- [WHAT TO DO]:
The data below contains pictures, which are to be skipped; the lines starting at the line with "3Pcs Wooden Eid" and ending at the line with "Arrakis, o planeta" are to be output exactly, both ends included.

─── PROVIDED RECORDS

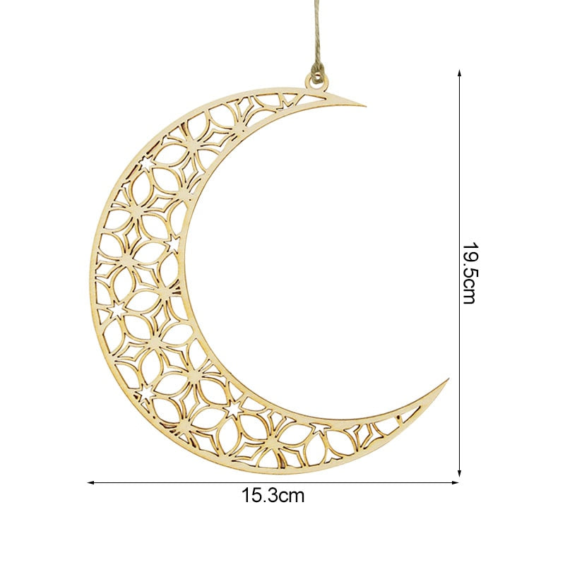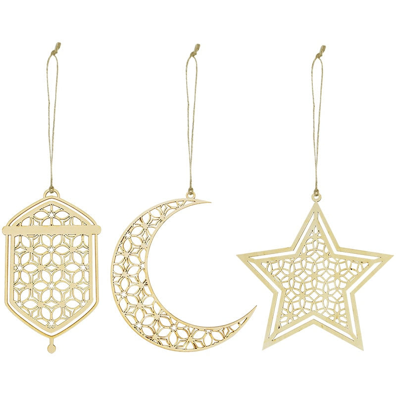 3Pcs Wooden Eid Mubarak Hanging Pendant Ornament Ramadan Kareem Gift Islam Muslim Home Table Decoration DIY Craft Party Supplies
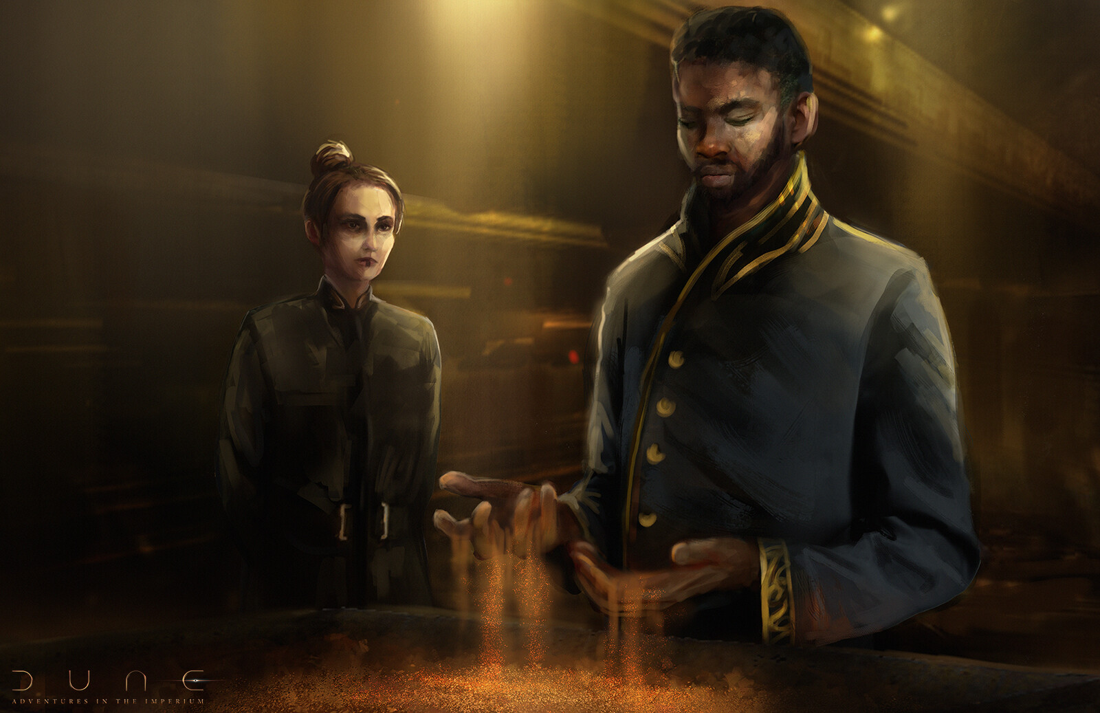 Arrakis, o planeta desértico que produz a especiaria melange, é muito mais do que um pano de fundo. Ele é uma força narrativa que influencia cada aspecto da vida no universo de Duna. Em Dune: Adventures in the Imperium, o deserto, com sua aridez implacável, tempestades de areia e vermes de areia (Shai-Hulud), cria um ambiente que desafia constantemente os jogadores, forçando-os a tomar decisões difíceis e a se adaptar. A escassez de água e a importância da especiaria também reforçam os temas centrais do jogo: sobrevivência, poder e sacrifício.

──────
─── PROVIDED RECORDS

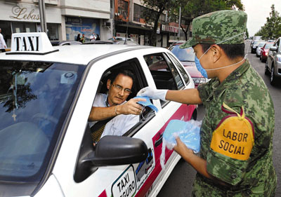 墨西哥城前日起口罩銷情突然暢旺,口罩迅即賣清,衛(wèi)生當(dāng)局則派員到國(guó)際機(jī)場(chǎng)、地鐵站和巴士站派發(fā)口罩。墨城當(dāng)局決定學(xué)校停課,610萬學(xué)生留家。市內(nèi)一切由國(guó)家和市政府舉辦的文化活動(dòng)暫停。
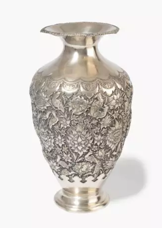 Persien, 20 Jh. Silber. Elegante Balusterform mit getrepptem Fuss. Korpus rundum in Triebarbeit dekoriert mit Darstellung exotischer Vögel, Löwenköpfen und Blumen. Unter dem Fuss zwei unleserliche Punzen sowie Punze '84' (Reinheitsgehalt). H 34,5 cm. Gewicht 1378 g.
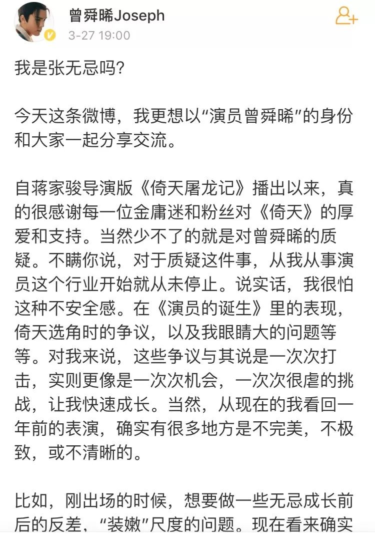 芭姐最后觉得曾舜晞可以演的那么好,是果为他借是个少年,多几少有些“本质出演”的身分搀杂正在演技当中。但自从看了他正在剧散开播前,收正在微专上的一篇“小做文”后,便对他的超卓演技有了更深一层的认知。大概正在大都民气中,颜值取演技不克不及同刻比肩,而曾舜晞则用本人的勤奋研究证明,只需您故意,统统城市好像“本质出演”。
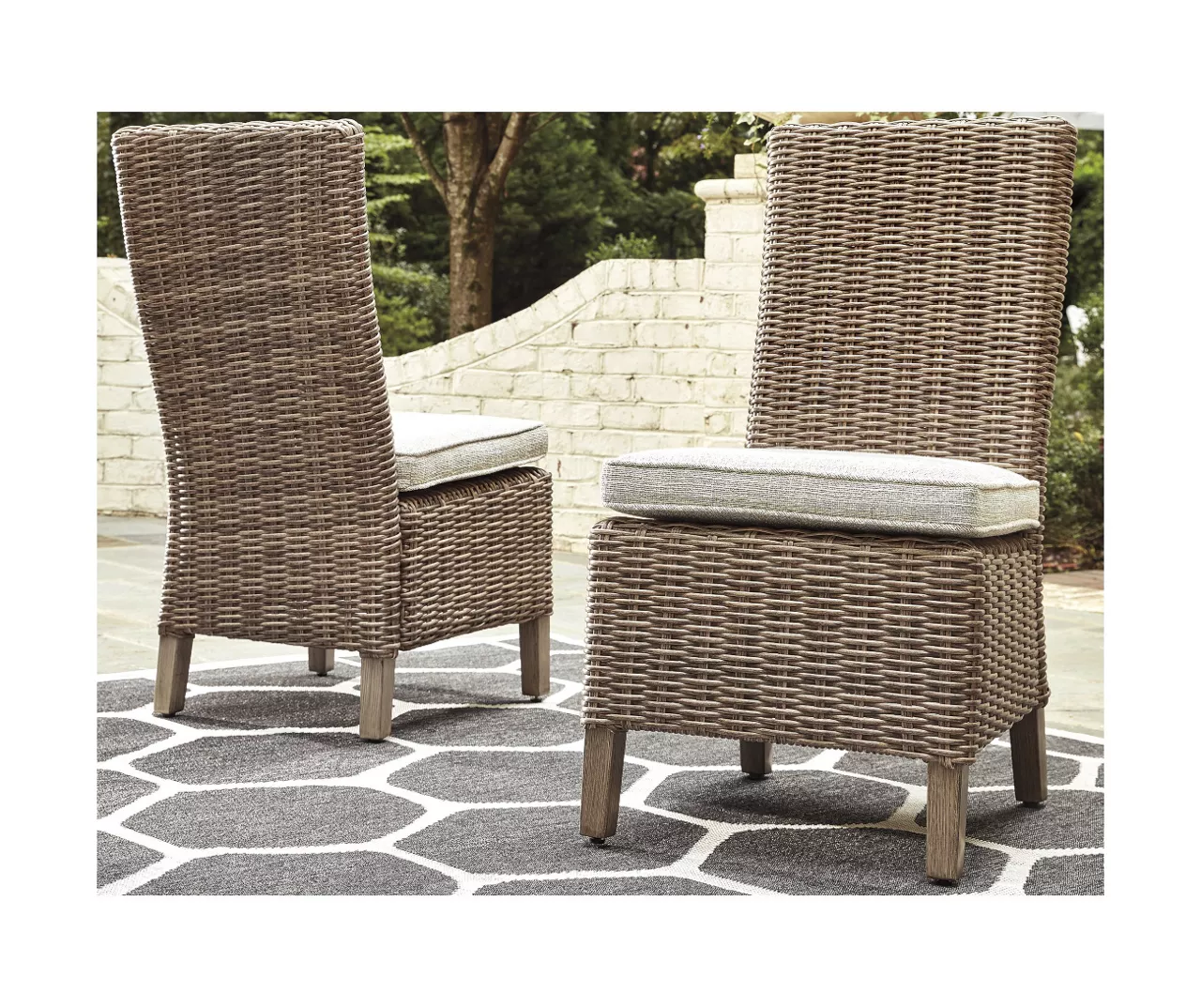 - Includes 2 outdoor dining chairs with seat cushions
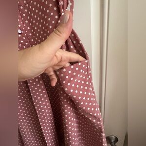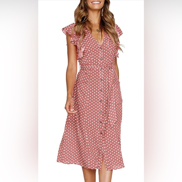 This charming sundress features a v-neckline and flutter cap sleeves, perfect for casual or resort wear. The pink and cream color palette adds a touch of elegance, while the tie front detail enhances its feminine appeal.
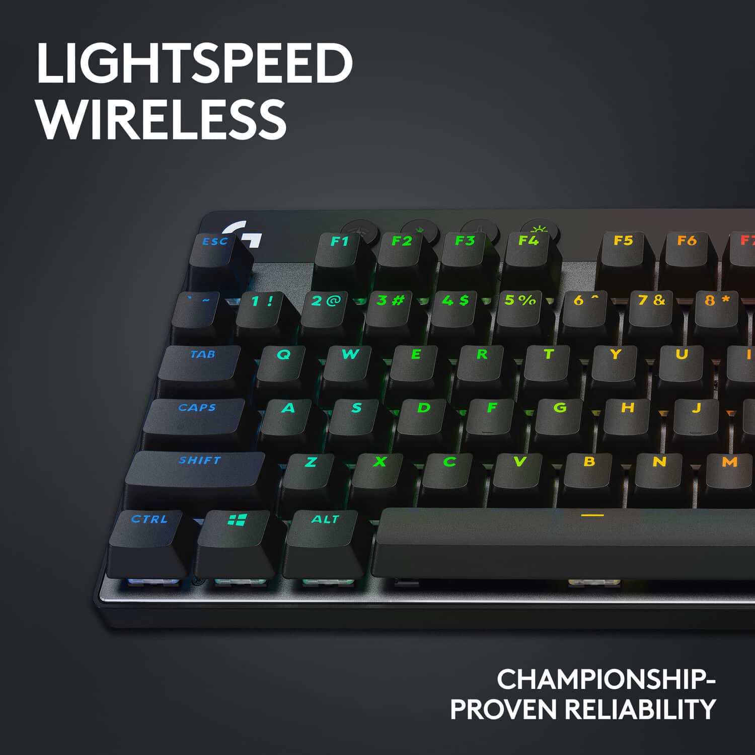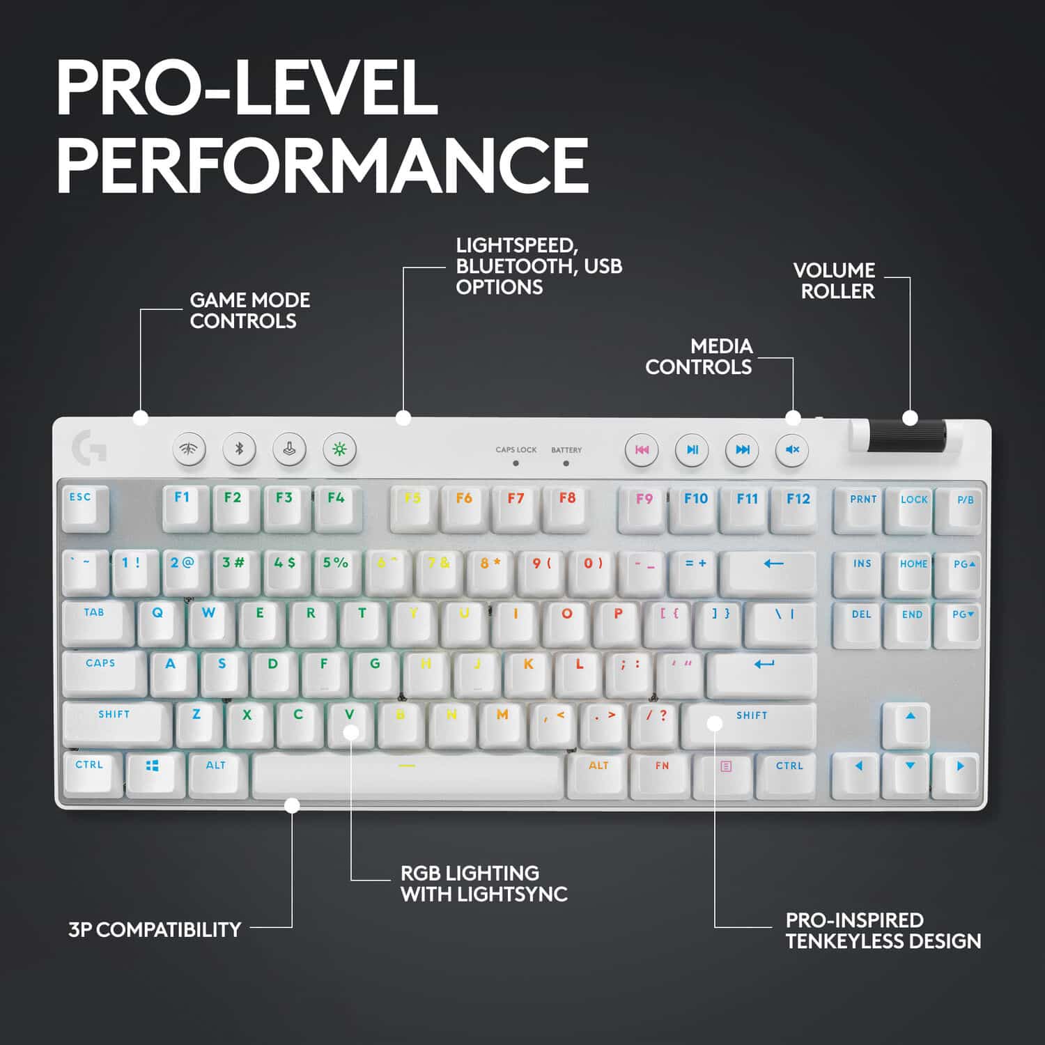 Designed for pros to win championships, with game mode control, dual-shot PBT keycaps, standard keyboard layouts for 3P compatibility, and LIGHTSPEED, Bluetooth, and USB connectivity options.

──────
─── PROVIDED RECORDS

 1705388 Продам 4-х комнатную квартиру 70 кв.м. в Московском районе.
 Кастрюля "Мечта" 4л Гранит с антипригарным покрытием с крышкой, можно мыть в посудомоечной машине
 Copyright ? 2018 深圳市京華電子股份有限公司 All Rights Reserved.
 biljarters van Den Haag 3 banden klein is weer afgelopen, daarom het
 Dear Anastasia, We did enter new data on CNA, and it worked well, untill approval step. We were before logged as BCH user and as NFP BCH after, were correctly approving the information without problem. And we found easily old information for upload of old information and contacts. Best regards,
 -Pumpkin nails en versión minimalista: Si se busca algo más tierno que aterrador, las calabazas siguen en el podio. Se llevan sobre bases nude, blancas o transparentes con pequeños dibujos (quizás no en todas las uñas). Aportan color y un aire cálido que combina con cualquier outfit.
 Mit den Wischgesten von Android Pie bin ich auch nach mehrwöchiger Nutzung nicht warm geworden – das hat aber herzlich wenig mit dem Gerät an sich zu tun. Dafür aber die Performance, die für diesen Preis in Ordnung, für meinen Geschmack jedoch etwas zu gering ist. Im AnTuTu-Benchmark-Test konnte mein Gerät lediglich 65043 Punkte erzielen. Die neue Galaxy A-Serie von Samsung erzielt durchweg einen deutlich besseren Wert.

──────

- [WRITTEN RESPONSE]:
 3Pcs Wooden Eid Mubarak Hanging Pendant Ornament Ramadan Kareem Gift Islam Muslim Home Table Decoration DIY Craft Party Supplies
 Arrakis, o planeta desértico que produz a especiaria melange, é muito mais do que um pano de fundo. Ele é uma força narrativa que influencia cada aspecto da vida no universo de Duna. Em Dune: Adventures in the Imperium, o deserto, com sua aridez implacável, tempestades de areia e vermes de areia (Shai-Hulud), cria um ambiente que desafia constantemente os jogadores, forçando-os a tomar decisões difíceis e a se adaptar. A escassez de água e a importância da especiaria também reforçam os temas centrais do jogo: sobrevivência, poder e sacrifício.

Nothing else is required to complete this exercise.